Amerika‘da basılan Ermeni gazetesi, Gochnak 24.05.1915 tarihli yayınında, Van‘da yalnızca 1600 Türk kaldığını gerisinin öldürüldüğünü yazıyordu.
Bu olaydan sonra:
Van isyanı ve bölgedeki Ermeni çetelerinin, düşmana verdiği destek nedeniyle, savaş alanlarında yaşayanların tümünün acele olarak, başka yerlere nakledilmesi askeri bir ihtiyaç olarak görülmeye başlandı.
Daha geç kalınırsa, Ermenilerin yapacağı katliamların önüne geçilemeyeceği anlaşıldı.
İlk tehcir(Yer değiştirme) duyurusu 27 Mayısta yayınlandı. 30 mayısta yasalaştı.
Yöntem şuydu: Terörün en yoğun olduğu bölgelerdeki Ermeni halkını geçici olarak, ülke içinde savaşın olmadığı, tehlikeli olmayan bölgelerde iskan etmek.
Bu bölge, Suriye içinde Halep yakınlarında güvenli bir bölgeydi.
Naklin daha güvenli ve sağlıklı olması için, yol üzerindeki şehirlerin valilerine ilave para gönderildi. Nakledilen insanların iaşe, güvenlik ve sağlık ihtiyaçlarına yardımcı olması sağlandı. Yol boyunca Müslümanların olası saldırılarından korumak için ilave Jandarma grubu oluşturuldu. Hatta bu yeterli olmayınca, bölgedeki hapishanelerden adam çıkarılıp Jandarma yapıldı. Bu nakiller boyunca, Ermenileri korumakla görevli Türklerden, görevlerini aksattıkları nedeniyle, mahkeme edilen hatta idam edilenler oldu. Buna rağmen yollar bozuk, kağnı ve at arabaları ile yolculuk uzun sürdüğünden, yollarda hastalıklardan ölenler oldu. Zaten ülkenin her yerinde Açlık, hastalık ve savaştan sayısız insan ölmekteydi. Hastaneye kaldırılan Türk askerlerinin yarısı daha tedaviye başlamadan, açlıktan ve hastalıktan ölüyordu. Açlık ve hastalıklardan ölenlerin sayısı, savaşta ölenlerden 5 kat fazlaydı.
Birinci dünya savaşının bu en yoğun olduğu günlerde, Van ve çevresinde yaşayan Ermeniler, Devletin çağrılarına uymuyor, askere alınamıyordu. Hepsi de Ermeni çetelerin organizasyonu ile Yaklaşan Rus ordularına katılıyordu. Rus ordusunun ön saflarında savaşarak bölgedeki Türk, Kürt Müslümanları katlediyorlardı.
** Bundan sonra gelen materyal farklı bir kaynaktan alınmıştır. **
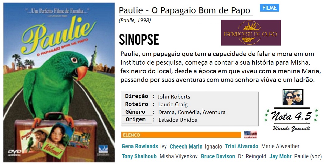 Paulie, o Papagaio Bom de Papo: Dirigido por John Roberts. Com Gena Rowlands, Tony Shalhoub, Cheech Marin, Bruce Davison. A talking parrot named Paulie recounts his travels to look for his original owner to a Russian janitor who helps him to the end of his journey.

Eğer bölgedeki Ermeniler, devletin çağrılarına uyarak Osmanlı ordularına katılsalardı, en az 50 bin kişilik ilave bir ordu oluşturula bilecekti. Ve feci Sarıkamış faciası da yaşanmamış olacaktı.
Ama Van‘dan Erzurum’a kadar, bölgede yaşayan Ermeniler, yabancıların kışkırtmasıyla, Osmanlı’nın seferberlik ilanıyla askere çağırma emrine uymadılar. Üstelikte, silahlarıyla birlikte, hududu geçerek Rus ordularına katıldılar. Osmanlıyı arkadan vurmaya başladılar.
Böylece toplamda, Rus ordularında savaşan Ermenilerin sayısı 150 bini bulmuştu.
Yüzyıldır dünya kamuoyunu meşgul eden Ermeni sorununun yaratıcıları, dönemin ABD büyük elçisi Morgenthau( Musevi asıllı), İngiliz görevli yazarı Lort Bryce ve Osmanlı içinde görev yapan ABD’ li Protestan misyonerler ve Osmanlı içinde ABD kontrolündeki kolejlerin yönetimleridir.
(Bunların birlikte oluşturduğu — Mavi Kitap ve Büyükelçi Morgenthau’un hikayesi– adlı yayınlardır.)